Stored dataset items
..........

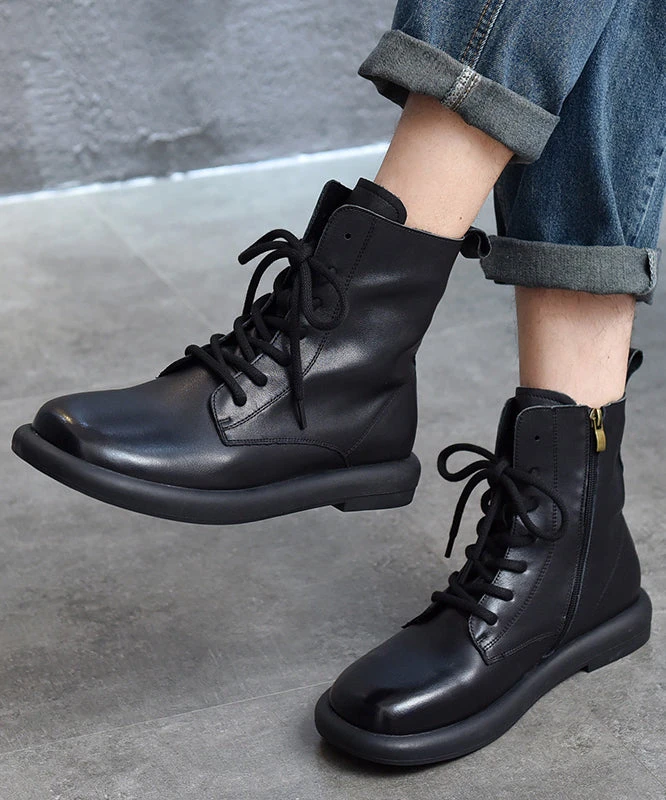 Cowhide Leather Boots Brown Casual Splicing Cross Strap
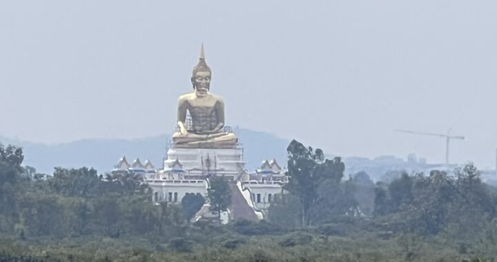 The day wasn’t boring, just uneventful. But we still saw cows laying in a watering hole to keep cool, a dude cutting down rice in an impossibly large field all alone, and we saw a corn-picking farm machine that looked more suitable for a carnival than a functioning farm. And of course , there was a really big ginormous gold Buddha that was visible for miles around. Another lovely day in this beautiful country.
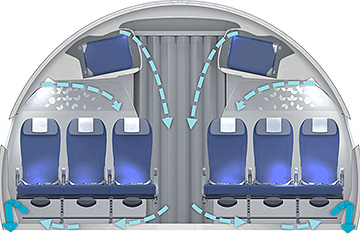 ● Sistemas de ventilación a bordo de las aeronaves que circulan continuamente y refrescan el suministro de aire (Filtros HEPA).
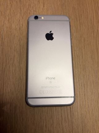 iPhone 6s de 64 GB en color gris space. El teléfono se encuentra en buen estado y funciona correctamente. Se vende sin cargador. Presenta una ligera imperfección en los píxeles de la parte superior de la pantalla, poco visible y fácilmente disimulable con una funda o protector de pantalla.
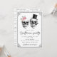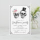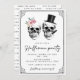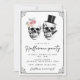 Invitación a la fiesta de disfraces de Halloween, tema victoriano. Mostración de la pareja de cráneos con flores, gorra y puros.
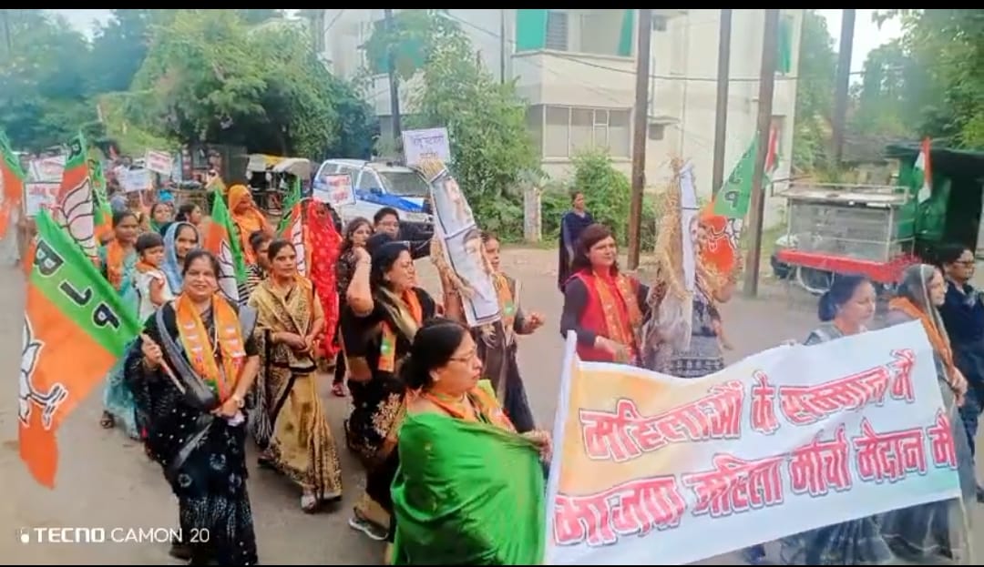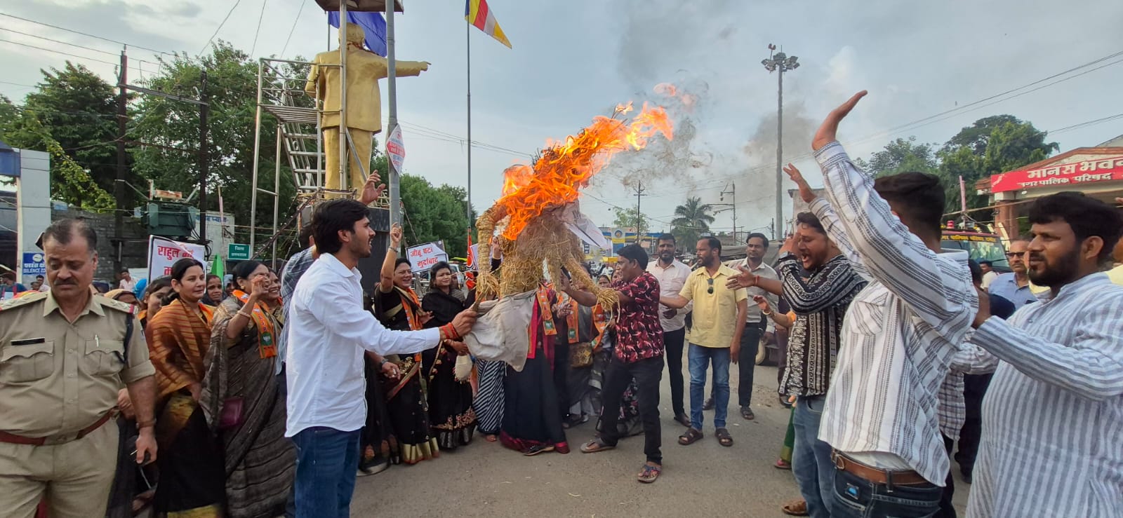 दमोह के अस्पताल चौक पर आयोजित पुतला दहन कार्यक्रम के दौरान भाजपा महिला मोर्चा की कार्यकर्ताओं ने जमकर नारेबाजी की और चेतावनी दी कि ऐसे अपमानजनक बयानों को बिल्कुल भी बर्दाश्त नहीं किया जाएगा। विरोध प्रदर्शन के दौरान बड़ी संख्या में भाजपा महिला मोर्चा कार्यकर्ताओं की मौजूदगी रही। कार्यक्रम का सफल संचालन महिला मोर्चा जिला मंत्री आरती राय और आभार प्रदर्शन भाजपा की वरिष्ठ नेत्री मनीषा दुबे के द्वारा व्यक्त किया गया। इस दौरान प्रमुख रूप से शिखा जैन जिला अध्यक्ष महिला मोर्चा, प्रीति ठाकुर जनपद पंचायत अध्यक्ष,सुमन पटेल,केसर सूर्यवंशी, सुषमा विश्वकर्मा,रेनू रजक,राधा सोनी, आरती राय, सरस्वती, सुनीता सोनी,दुर्गेश मिश्रा, द्रौपदी,गीता पटेल, कविता साहू, माया सोनी,किरण रैकवार, आशारानी, ज्योति, प्रीति रैकवार, प्रीति मिश्रा सहित बड़ी संख्या में भाजपा महिला मोर्चा की कार्यकर्ताओं की मौजूदगी रही।
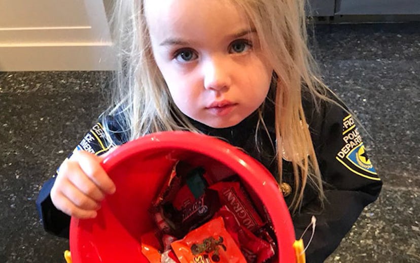 Donald Trump Jr. is an idiot who doesn't understand sharing or grammar, as evidenced by a tweet he fired off yesterday that I'm sure he thought was very funny. "I’m going to take half of Chloe’s candy tonight & give it to some kid who sat at home," Trump Jr. wrote, along with a photo of his daughter looking like she wants to run away and never look at his dumb face again. "It’s never to early to teach her about socialism."
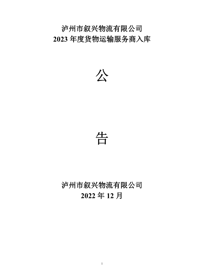 瀘州市敘興物流有限公司2023年度貨物運輸服務(wù)商入庫
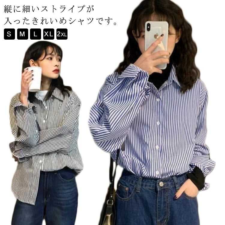 長袖 ブルー トップス カラーシャツ ブラック カジュアル ブラウス ストライプシャツ ストライプシャツ ストライプ シャツ 30代 レディース 通勤 きれいめ シンプル 大人 20代 OL 40代

..........

▶ _WORK INSTRUCTIONS_
Print all the entries exactly as they appear, without the pictures.

▶ _ANSWER FOR THE TASK_
 Cowhide Leather Boots Brown Casual Splicing Cross Strap
 The day wasn’t boring, just uneventful. But we still saw cows laying in a watering hole to keep cool, a dude cutting down rice in an impossibly large field all alone, and we saw a corn-picking farm machine that looked more suitable for a carnival than a functioning farm. And of course , there was a really big ginormous gold Buddha that was visible for miles around. Another lovely day in this beautiful country.
 ● Sistemas de ventilación a bordo de las aeronaves que circulan continuamente y refrescan el suministro de aire (Filtros HEPA).
 iPhone 6s de 64 GB en color gris space. El teléfono se encuentra en buen estado y funciona correctamente. Se vende sin cargador. Presenta una ligera imperfección en los píxeles de la parte superior de la pantalla, poco visible y fácilmente disimulable con una funda o protector de pantalla.
 Invitación a la fiesta de disfraces de Halloween, tema victoriano. Mostración de la pareja de cráneos con flores, gorra y puros.
 दमोह के अस्पताल चौक पर आयोजित पुतला दहन कार्यक्रम के दौरान भाजपा महिला मोर्चा की कार्यकर्ताओं ने जमकर नारेबाजी की और चेतावनी दी कि ऐसे अपमानजनक बयानों को बिल्कुल भी बर्दाश्त नहीं किया जाएगा। विरोध प्रदर्शन के दौरान बड़ी संख्या में भाजपा महिला मोर्चा कार्यकर्ताओं की मौजूदगी रही। कार्यक्रम का सफल संचालन महिला मोर्चा जिला मंत्री आरती राय और आभार प्रदर्शन भाजपा की वरिष्ठ नेत्री मनीषा दुबे के द्वारा व्यक्त किया गया। इस दौरान प्रमुख रूप से शिखा जैन जिला अध्यक्ष महिला मोर्चा, प्रीति ठाकुर जनपद पंचायत अध्यक्ष,सुमन पटेल,केसर सूर्यवंशी, सुषमा विश्वकर्मा,रेनू रजक,राधा सोनी, आरती राय, सरस्वती, सुनीता सोनी,दुर्गेश मिश्रा, द्रौपदी,गीता पटेल, कविता साहू, माया सोनी,किरण रैकवार, आशारानी, ज्योति, प्रीति रैकवार, प्रीति मिश्रा सहित बड़ी संख्या में भाजपा महिला मोर्चा की कार्यकर्ताओं की मौजूदगी रही।
 Donald Trump Jr. is an idiot who doesn't understand sharing or grammar, as evidenced by a tweet he fired off yesterday that I'm sure he thought was very funny. "I’m going to take half of Chloe’s candy tonight & give it to some kid who sat at home," Trump Jr. wrote, along with a photo of his daughter looking like she wants to run away and never look at his dumb face again. "It’s never to early to teach her about socialism."
 瀘州市敘興物流有限公司2023年度貨物運輸服務(wù)商入庫
 長袖 ブルー トップス カラーシャツ ブラック カジュアル ブラウス ストライプシャツ ストライプシャツ ストライプ シャツ 30代 レディース 通勤 きれいめ シンプル 大人 20代 OL 40代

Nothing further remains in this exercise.